For Stone had something of the talismanic personality of his Master.
Just as, without one spoken word--without more than a look--from
the Christ the unclean were convicted of sin by the talisman of His
purity, so all that was noblest, divinest and knightliest in man,
all that was white-souled, selfless, tender, true, lofty, and lovely
in womanhood, recognised something of itself in Stone, and in his
presence all were at their highest and their best.
 
Nor was this due merely to what has been called a “magnetic
personality.” That there are men and women who for good or for evil
(it is just as likely to be for the latter as for the former) possess
some magnetic or mesmeric power over others, I am, and from personal
knowledge, aware. But Stone’s influence was neither mesmeric nor
magnetic. It was by the unconscious spiritual alchemy of a soul so
rare (I repeat and purposely near the end of this article what I
said in the beginning) as to make possible the courage of a Cœur de
Lion, the honour of a King Arthur or Sir Galahad--as to make possible
even in a sense the sinlessness of Christ. To have known, if only
once in a lifetime--and in spite of bitter disillusionments, of
repeated betrayals on the part of some others--such a man as S. J.

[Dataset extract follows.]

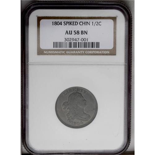 1804 1/2 C Spiked Chin AU58 NGC. C-8, B-7, R.1. A maho 1804[1/2 C] Spiked Chin AU58 NGC.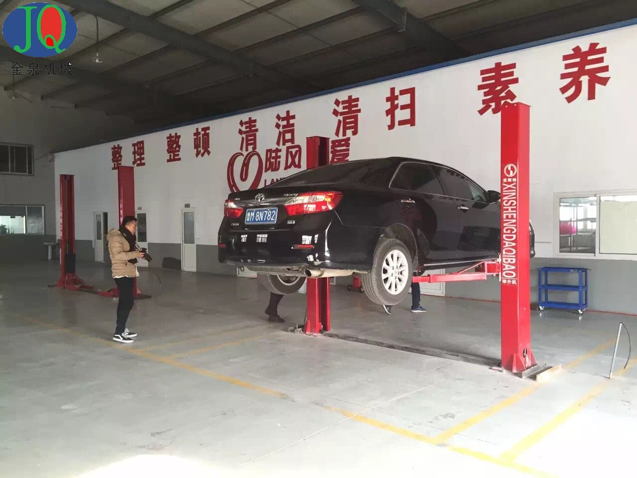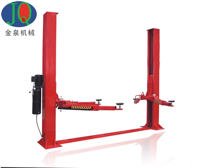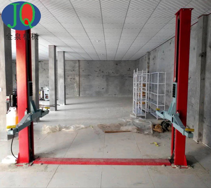 雙柱式汽車舉升機是一種汽車修理和保養(yǎng)單位常用的專用機械舉升設(shè)備,廣泛應(yīng)用于轎車等小型車的維修和保養(yǎng)。雙柱式汽車舉升機將汽車舉升在空中的同時可以節(jié)省大量的地面空間,方便地面作業(yè)。但是雙柱式汽車舉升機為了最大的節(jié)省材料,一般都去掉了底板。由于沒有底板,使得立柱的扭力需要靠地面來抵消,所以對地基要求很高,若是有橫梁(龍門舉升機)就靠橫梁抵消。

Stone, is in itself enough to keep sweet one’s faith in humanity, in
immortality, and in God.
 
Some time before Stone’s death I had been much thrown into the
company of a gifted and brilliant thinker and man of Science, who had
very little belief--I will not say in the existence of a God, but at
least in the existence of a God who takes thought for the welfare
of mortals, and no belief whatever in existence after death. In our
walks and conversations he had adduced many arguments in support of
annihilation, which it was difficult to answer; and I remember that,
when on the morning that Stone died, I stooped to press my lips to
the forehead of the friend I loved and revered as I have loved and
revered none other since nor shall again, it seemed for a moment
as if the man of whom I have spoken as disbelieving in personal
immortality, were, in spirit, at my elbow and whispering in my ear.
“Look well upon your friend’s face!” the Voice seemed to say, “and
you shall see written there: ‘Nobly done, bravely done, greatly done,
if you will,’ but you shall also see written there, ‘_Done and ended!
done and ended--and for evermore!_’” I remember, too, that it seemed
as if some evil power, outside myself, were trying, by means of what
hypnotists call “suggestion,” to compel me to see, upon the dead
face, what that evil power wished me to see there.